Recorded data
* * * *
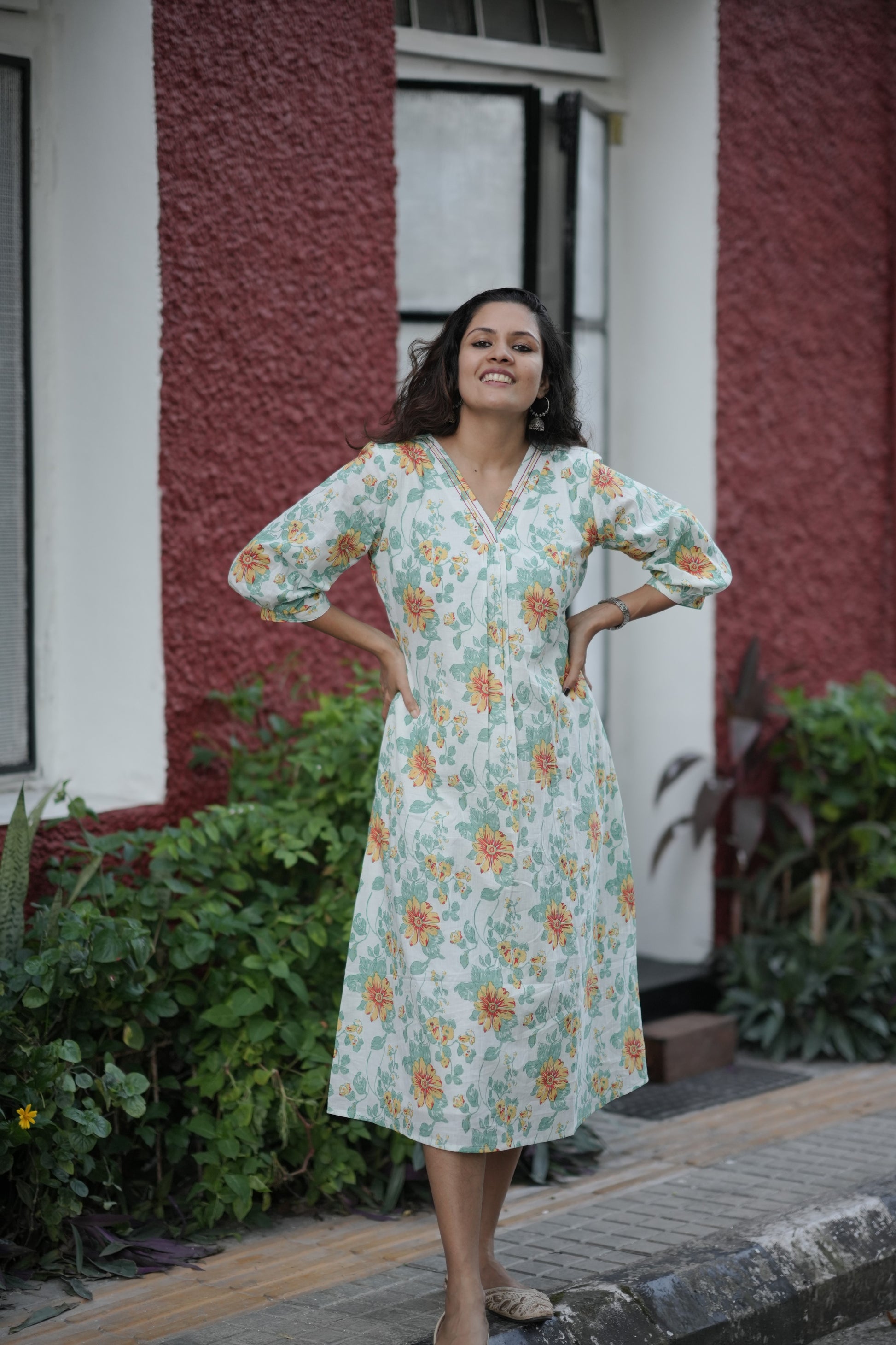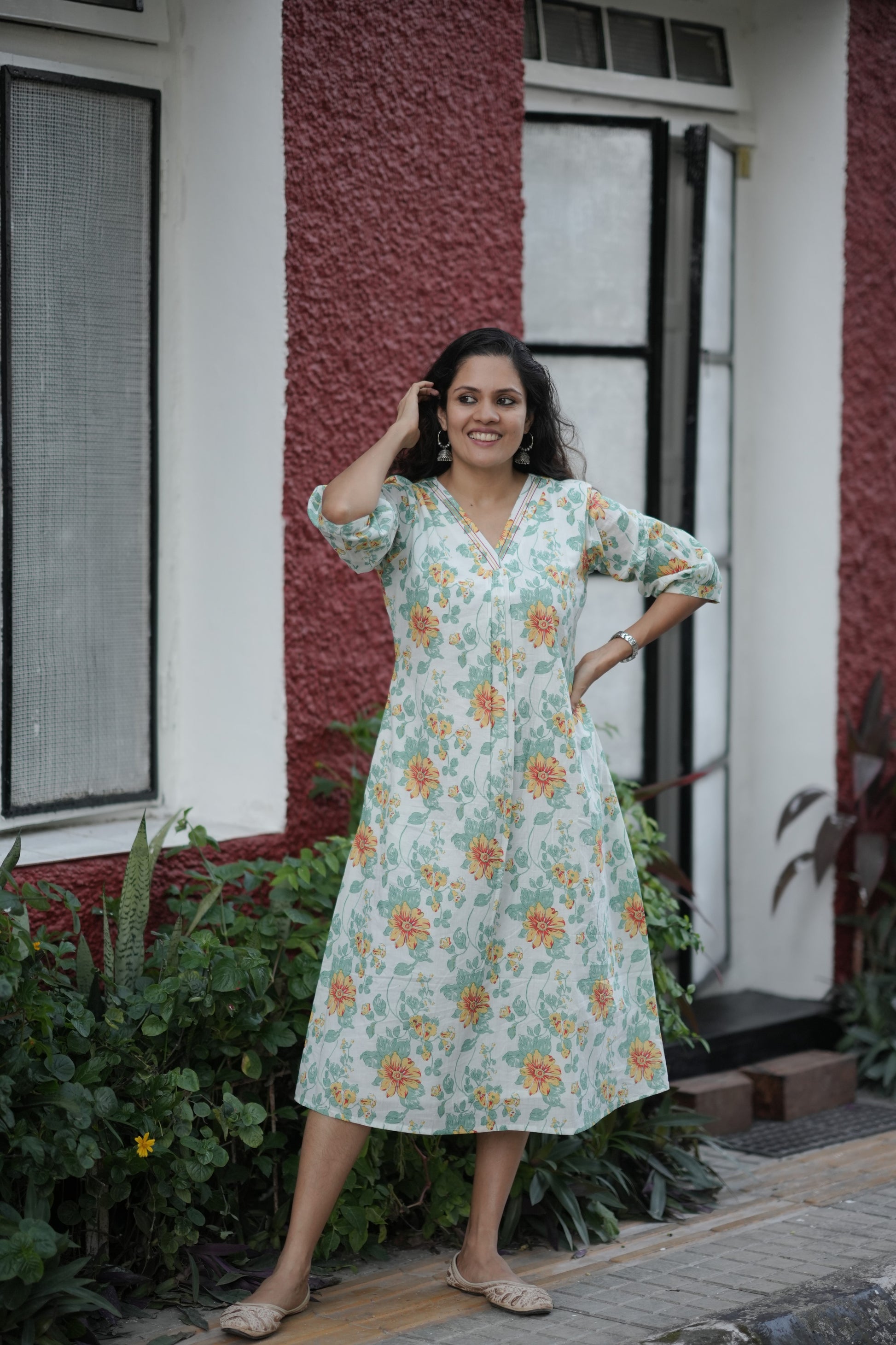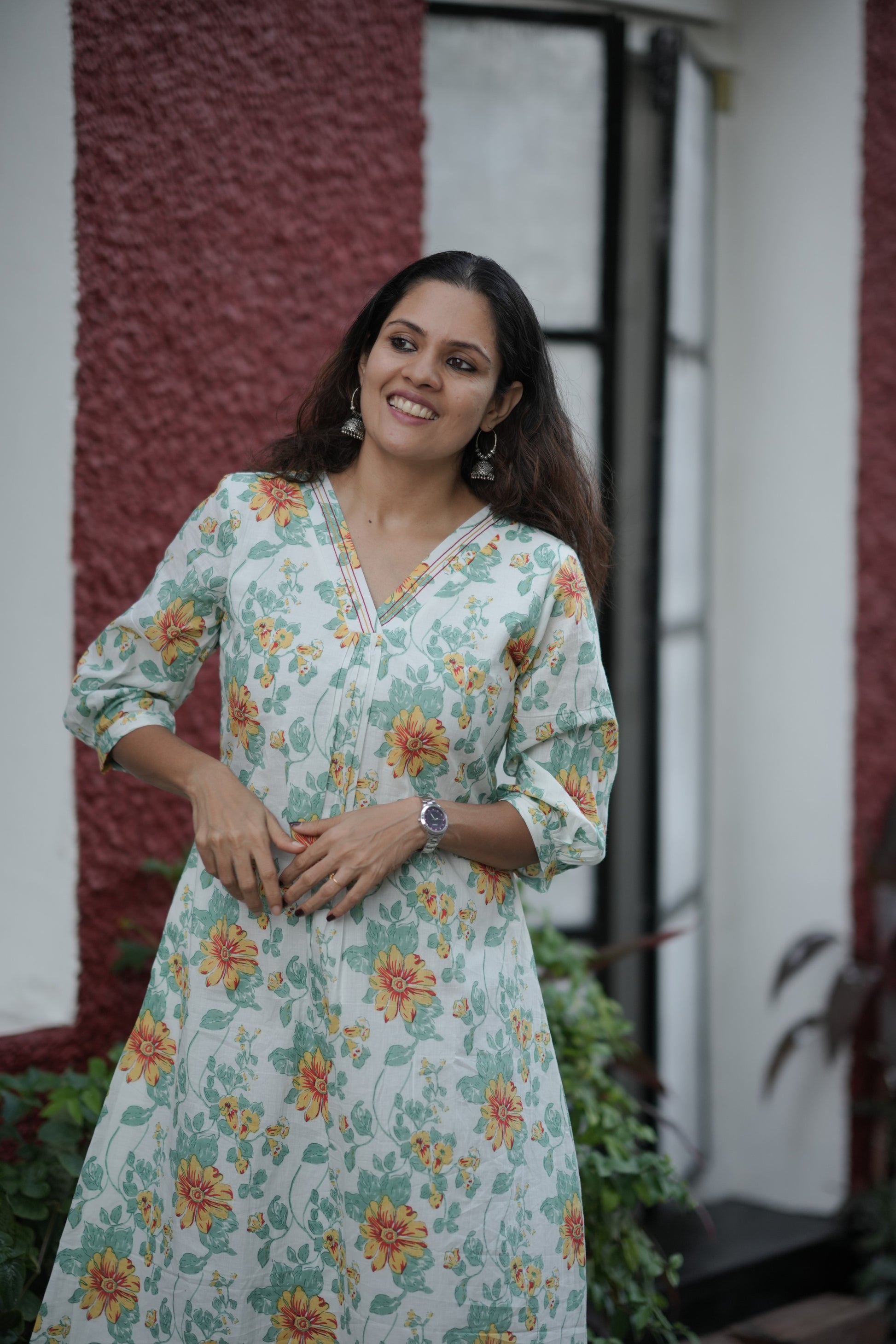 Tropical printed cotton kurti with thread detailed neckline and gathers MBS-769 ***Ready to dispatch***
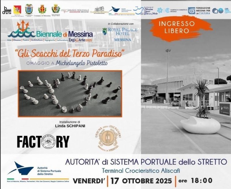 Continua senza sosta il dialogo virtuoso tra le opere e i palazzi Istituzionali della città, grazie all’ambizioso progetto nato attraverso la I Biennale d’Arte di Messina. A promuoverla Gianfranco Pistorio e Stefania Arcidiacono, rispettivamente presidente e vicepresidente dell’importante manifestazione artistica e culturale che ha dato vita a un palcoscenico diffuso. Domani (venerdì 17) la Biennale d’Arte aprirà ai visitatori altri due luoghi simbolo della città: il Terminal Crocieristico e Aliscafi dell’Autorità di Sistema Portuale dello Stretto, con inaugurazione alle 18, e il palazzo della Dogana, con inaugurazione alle 19 (ingresso libero). Al taglio del nastro saranno presenti, oltre a Gianfranco Pistorio e Stefania Arcidiacono, il sindaco Federico Basile; l’assessore alla Cultura Enzo Caruso; il commissario Straordinario dell’Autorità di Sistema Portuale dello Stretto, Francesco Rizzo; il direttore dell’Ufficio delle Dogane, Claudio Tucci; la madrina della manifestazione Letizia Lucca. Al Terminal Croceristico e Aliscafi sarà possibile ammirare “Gli Scacchi del Terzo Paradiso”, installazione di Linda Schipani dedicata al Terzo Paradiso dell’artista, pittore e scultore Michelangelo Pistoletto, con il patrocinio dell’Ordine degli Ingegneri. Nell’installazione – realizzata con la tecnica dell’assemblaggio di plafoniere stradali dismesse – il primo cerchio, delimitato dagli scacchi bianchi, rappresenta la Natura o la Pace, il secondo cerchio, formato da scacchi neri, rappresenta l’artificio o la guerra, il terzo cerchio, centrale e più grande, accoglie scacchi bianchi e neri per rappresentare la condivisione, l’accoglienza, la tolleranza, la sostenibilità e l’equilibrio nelle differenze. Al palazzo della Dogana, si terrà l’inaugurazione dell’installazione “Il fervore dei mercanti”, commissionata dalla presidenza della Biennale d’Arte, ideata e progettata dagli architetti Michele Palamara e Antonio Ciancio. A realizzarla gli studenti, a indirizzo “scenografia” e “architettura e ambiente”, del Liceo Artistico “Ernesto Basile”, di cui è dirigente scolastica Caterina Celesti, con il contributo del prof. Carmelo Geraci e il patrocinio gratuito della Fondazione Taormina Arte Sicilia. L’installazione intende offrire al visitatore l’emozione di rivivere il fervore del porto di Messina durante i secoli degli intensi traffici commerciali nel Mediterraneo ed è fruibile domani, dalle 19 alle 21, e nei giorni 18, 20, 21, 22, 23, 24, 25, dalle 9 alle 13.
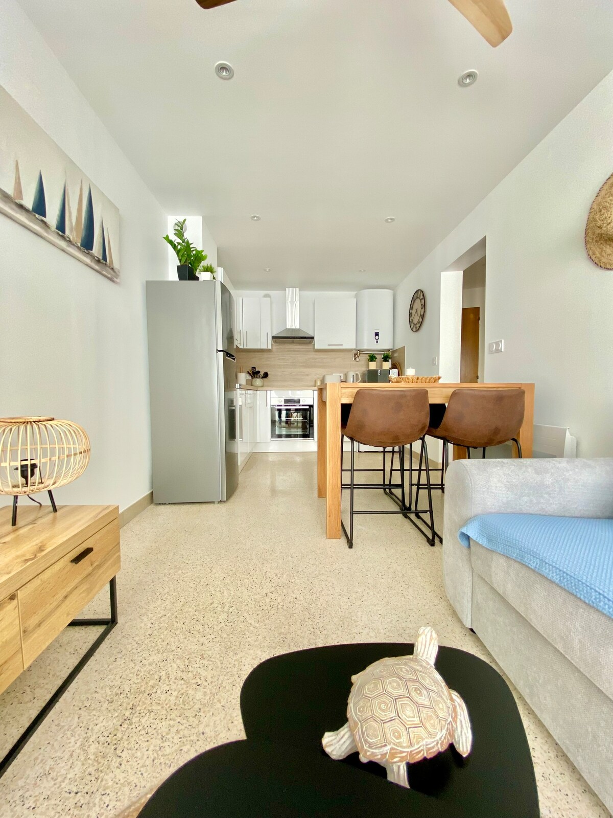 Kick back and relax in this calm, stylish space. 30 m² studio for rent located on the third and top floor with elevator, ideally for a couple and a child, with 6 m² terrace, fully renovated, fully equipped, air conditioned, sea view, with private parking in a quiet residence and close to all shops. Direct beach access and pedestrian area along the seafront to the city center. Private beach and restaurant nearby.
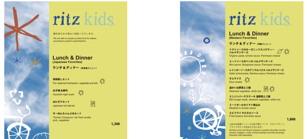 5歳の息子には、各レストラン共通のキッズメニューのご案内をいただきました。
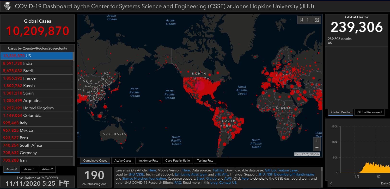 據美國約翰斯·霍普金斯大學的統計數據顯示,截至香港時間11日5時25分左右,美國新冠肺炎確診病例已超過1020萬例,達到10209870例;死亡病例近24萬例,達到239306例。
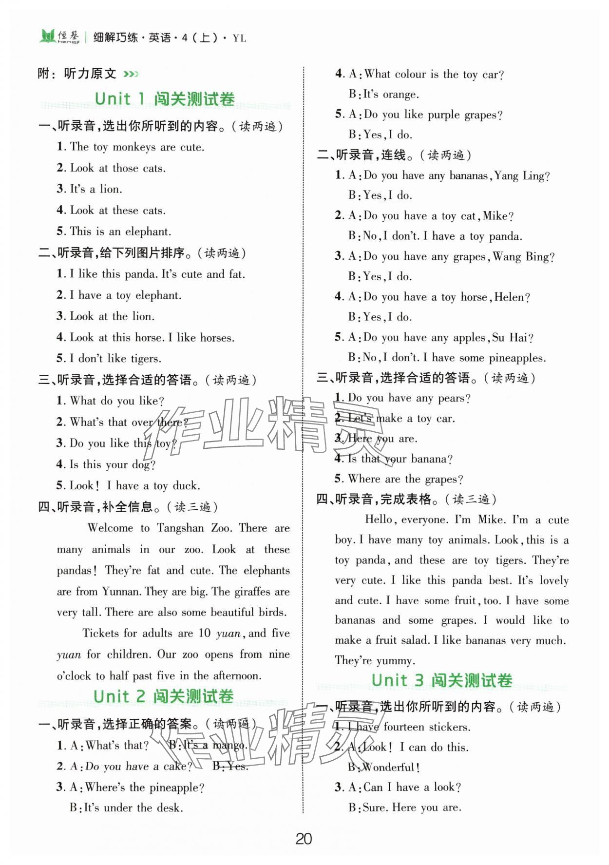 注:目前有些书本章节名称可能整理的还不是很完善,但都是按照顺序排列的,请同学们按照顺序仔细查找。练习册 2024年细解巧练四年级英语上册译林版 答案主要是用来给同学们做完题方便对答案用的,请勿直接抄袭。
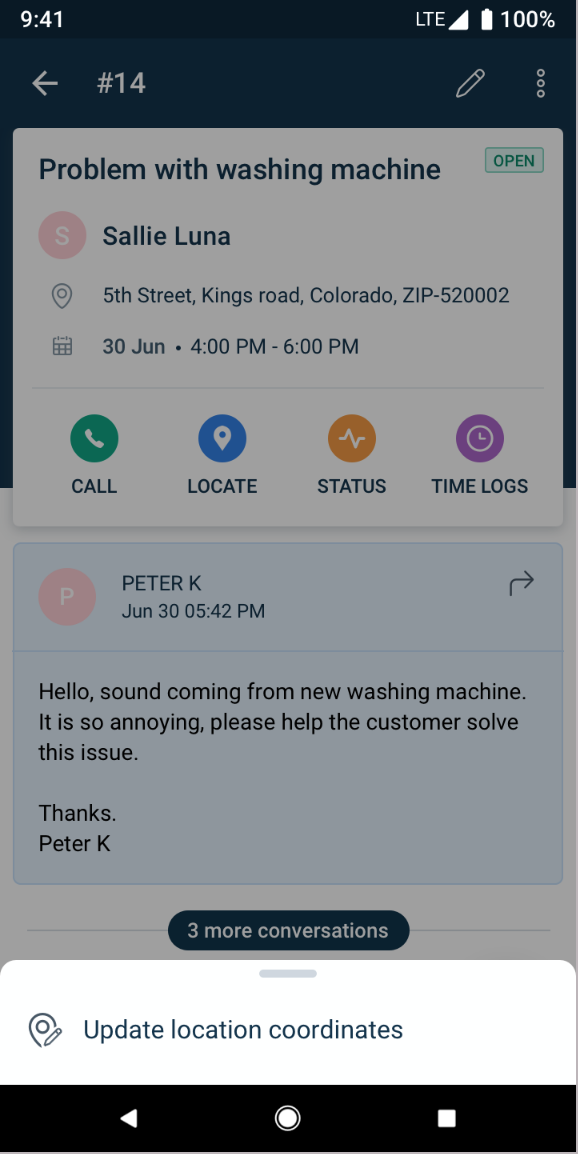 Once they are at the correct service location, field technicians can update the correct lat-long from the Freshdesk mobile app to prevent field technicians from getting incorrect directions in the future. Here are the steps to update the correct service location by dropping a pin on the map:
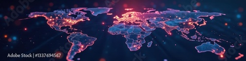 © Pornchai, Fototapeta premium Complex interconnected lines and points depicting worldwide connectivity , lines, global
* * * *
Copy out the lines above in full and unaltered, apart from the pictures.

 Tropical printed cotton kurti with thread detailed neckline and gathers MBS-769 ***Ready to dispatch***
 Continua senza sosta il dialogo virtuoso tra le opere e i palazzi Istituzionali della città, grazie all’ambizioso progetto nato attraverso la I Biennale d’Arte di Messina. A promuoverla Gianfranco Pistorio e Stefania Arcidiacono, rispettivamente presidente e vicepresidente dell’importante manifestazione artistica e culturale che ha dato vita a un palcoscenico diffuso. Domani (venerdì 17) la Biennale d’Arte aprirà ai visitatori altri due luoghi simbolo della città: il Terminal Crocieristico e Aliscafi dell’Autorità di Sistema Portuale dello Stretto, con inaugurazione alle 18, e il palazzo della Dogana, con inaugurazione alle 19 (ingresso libero). Al taglio del nastro saranno presenti, oltre a Gianfranco Pistorio e Stefania Arcidiacono, il sindaco Federico Basile; l’assessore alla Cultura Enzo Caruso; il commissario Straordinario dell’Autorità di Sistema Portuale dello Stretto, Francesco Rizzo; il direttore dell’Ufficio delle Dogane, Claudio Tucci; la madrina della manifestazione Letizia Lucca. Al Terminal Croceristico e Aliscafi sarà possibile ammirare “Gli Scacchi del Terzo Paradiso”, installazione di Linda Schipani dedicata al Terzo Paradiso dell’artista, pittore e scultore Michelangelo Pistoletto, con il patrocinio dell’Ordine degli Ingegneri. Nell’installazione – realizzata con la tecnica dell’assemblaggio di plafoniere stradali dismesse – il primo cerchio, delimitato dagli scacchi bianchi, rappresenta la Natura o la Pace, il secondo cerchio, formato da scacchi neri, rappresenta l’artificio o la guerra, il terzo cerchio, centrale e più grande, accoglie scacchi bianchi e neri per rappresentare la condivisione, l’accoglienza, la tolleranza, la sostenibilità e l’equilibrio nelle differenze. Al palazzo della Dogana, si terrà l’inaugurazione dell’installazione “Il fervore dei mercanti”, commissionata dalla presidenza della Biennale d’Arte, ideata e progettata dagli architetti Michele Palamara e Antonio Ciancio. A realizzarla gli studenti, a indirizzo “scenografia” e “architettura e ambiente”, del Liceo Artistico “Ernesto Basile”, di cui è dirigente scolastica Caterina Celesti, con il contributo del prof. Carmelo Geraci e il patrocinio gratuito della Fondazione Taormina Arte Sicilia. L’installazione intende offrire al visitatore l’emozione di rivivere il fervore del porto di Messina durante i secoli degli intensi traffici commerciali nel Mediterraneo ed è fruibile domani, dalle 19 alle 21, e nei giorni 18, 20, 21, 22, 23, 24, 25, dalle 9 alle 13.
 Kick back and relax in this calm, stylish space. 30 m² studio for rent located on the third and top floor with elevator, ideally for a couple and a child, with 6 m² terrace, fully renovated, fully equipped, air conditioned, sea view, with private parking in a quiet residence and close to all shops. Direct beach access and pedestrian area along the seafront to the city center. Private beach and restaurant nearby.
 5歳の息子には、各レストラン共通のキッズメニューのご案内をいただきました。
 據美國約翰斯·霍普金斯大學的統計數據顯示,截至香港時間11日5時25分左右,美國新冠肺炎確診病例已超過1020萬例,達到10209870例;死亡病例近24萬例,達到239306例。
 注:目前有些书本章节名称可能整理的还不是很完善,但都是按照顺序排列的,请同学们按照顺序仔细查找。练习册 2024年细解巧练四年级英语上册译林版 答案主要是用来给同学们做完题方便对答案用的,请勿直接抄袭。
 Once they are at the correct service location, field technicians can update the correct lat-long from the Freshdesk mobile app to prevent field technicians from getting incorrect directions in the future. Here are the steps to update the correct service location by dropping a pin on the map:
 © Pornchai, Fototapeta premium Complex interconnected lines and points depicting worldwide connectivity , lines, global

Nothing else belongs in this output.